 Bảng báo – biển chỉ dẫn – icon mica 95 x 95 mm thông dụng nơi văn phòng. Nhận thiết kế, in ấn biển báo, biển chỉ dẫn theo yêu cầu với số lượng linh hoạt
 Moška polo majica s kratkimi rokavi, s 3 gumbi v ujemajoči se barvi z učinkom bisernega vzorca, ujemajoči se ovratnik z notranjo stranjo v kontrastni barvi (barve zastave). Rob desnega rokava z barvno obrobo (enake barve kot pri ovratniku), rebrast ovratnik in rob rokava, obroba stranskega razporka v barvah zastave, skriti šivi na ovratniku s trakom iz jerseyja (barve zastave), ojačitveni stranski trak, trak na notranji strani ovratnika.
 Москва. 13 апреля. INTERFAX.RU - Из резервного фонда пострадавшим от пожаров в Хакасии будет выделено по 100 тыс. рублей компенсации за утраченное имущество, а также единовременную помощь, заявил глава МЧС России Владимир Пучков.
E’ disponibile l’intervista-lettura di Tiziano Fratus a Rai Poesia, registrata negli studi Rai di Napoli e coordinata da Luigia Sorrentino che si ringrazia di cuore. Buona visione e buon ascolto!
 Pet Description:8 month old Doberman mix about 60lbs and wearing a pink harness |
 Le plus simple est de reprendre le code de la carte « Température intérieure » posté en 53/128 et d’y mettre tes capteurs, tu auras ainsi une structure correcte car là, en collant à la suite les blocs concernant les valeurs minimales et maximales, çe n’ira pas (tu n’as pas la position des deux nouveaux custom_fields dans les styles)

----------------------------------------

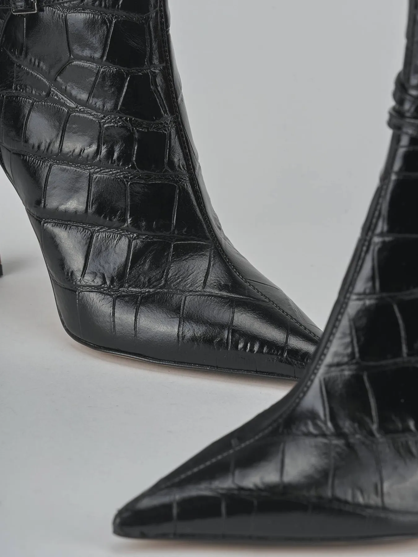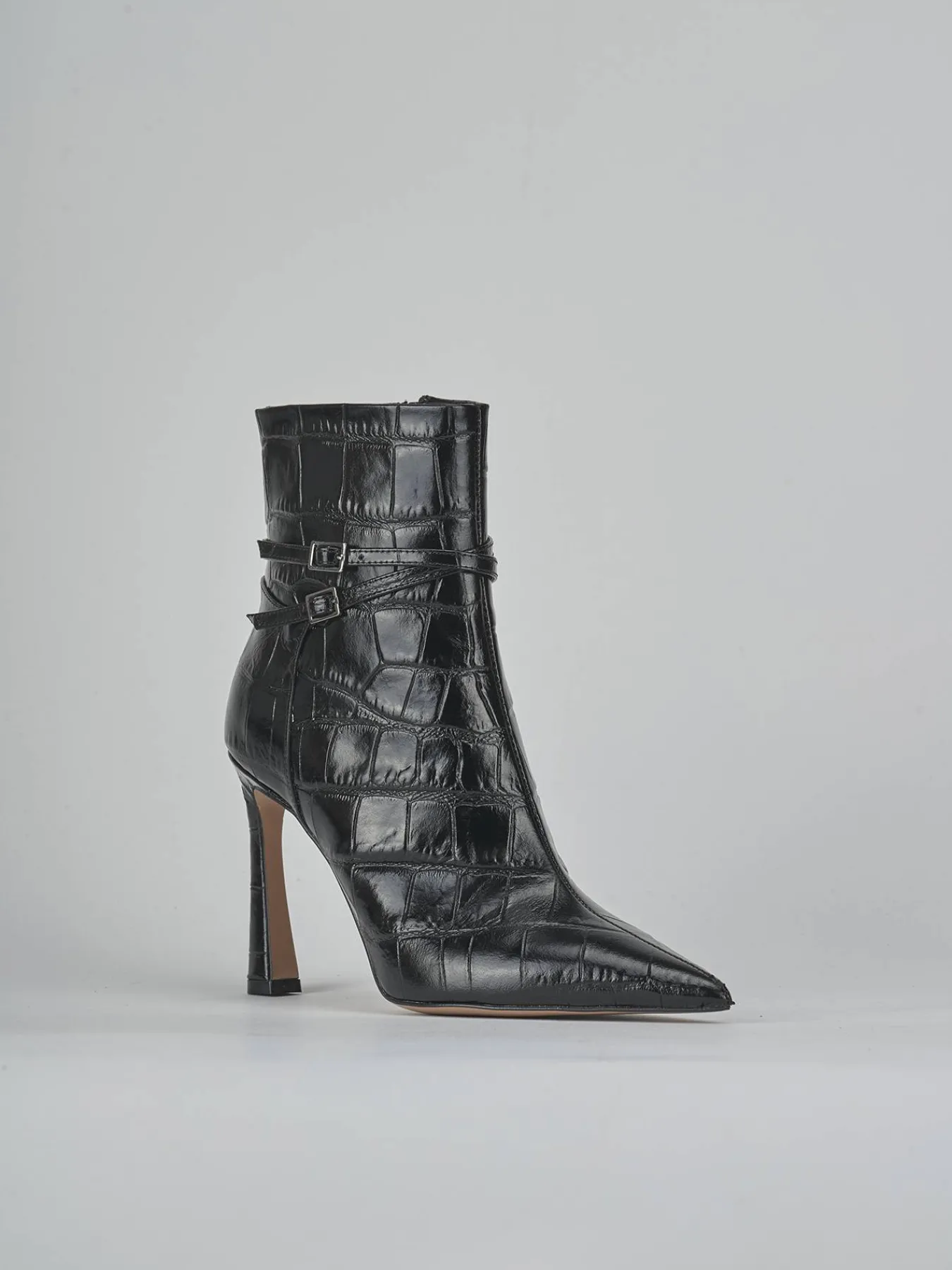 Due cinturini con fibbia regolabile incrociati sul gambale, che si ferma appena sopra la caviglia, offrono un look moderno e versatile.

----------------------------------------

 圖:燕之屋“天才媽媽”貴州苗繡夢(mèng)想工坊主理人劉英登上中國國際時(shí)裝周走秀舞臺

----------------------------------------

> _What the exercise asks_
For the material above, reproduce exactly the lines from the line with "Bảng báo – biển" to the line with "Pet Description:8 month", inclusive, and exclude all others.

> _Response_
 Bảng báo – biển chỉ dẫn – icon mica 95 x 95 mm thông dụng nơi văn phòng. Nhận thiết kế, in ấn biển báo, biển chỉ dẫn theo yêu cầu với số lượng linh hoạt
 Moška polo majica s kratkimi rokavi, s 3 gumbi v ujemajoči se barvi z učinkom bisernega vzorca, ujemajoči se ovratnik z notranjo stranjo v kontrastni barvi (barve zastave). Rob desnega rokava z barvno obrobo (enake barve kot pri ovratniku), rebrast ovratnik in rob rokava, obroba stranskega razporka v barvah zastave, skriti šivi na ovratniku s trakom iz jerseyja (barve zastave), ojačitveni stranski trak, trak na notranji strani ovratnika.
 Москва. 13 апреля. INTERFAX.RU - Из резервного фонда пострадавшим от пожаров в Хакасии будет выделено по 100 тыс. рублей компенсации за утраченное имущество, а также единовременную помощь, заявил глава МЧС России Владимир Пучков.
E’ disponibile l’intervista-lettura di Tiziano Fratus a Rai Poesia, registrata negli studi Rai di Napoli e coordinata da Luigia Sorrentino che si ringrazia di cuore. Buona visione e buon ascolto!
 Pet Description:8 month old Doberman mix about 60lbs and wearing a pink harness |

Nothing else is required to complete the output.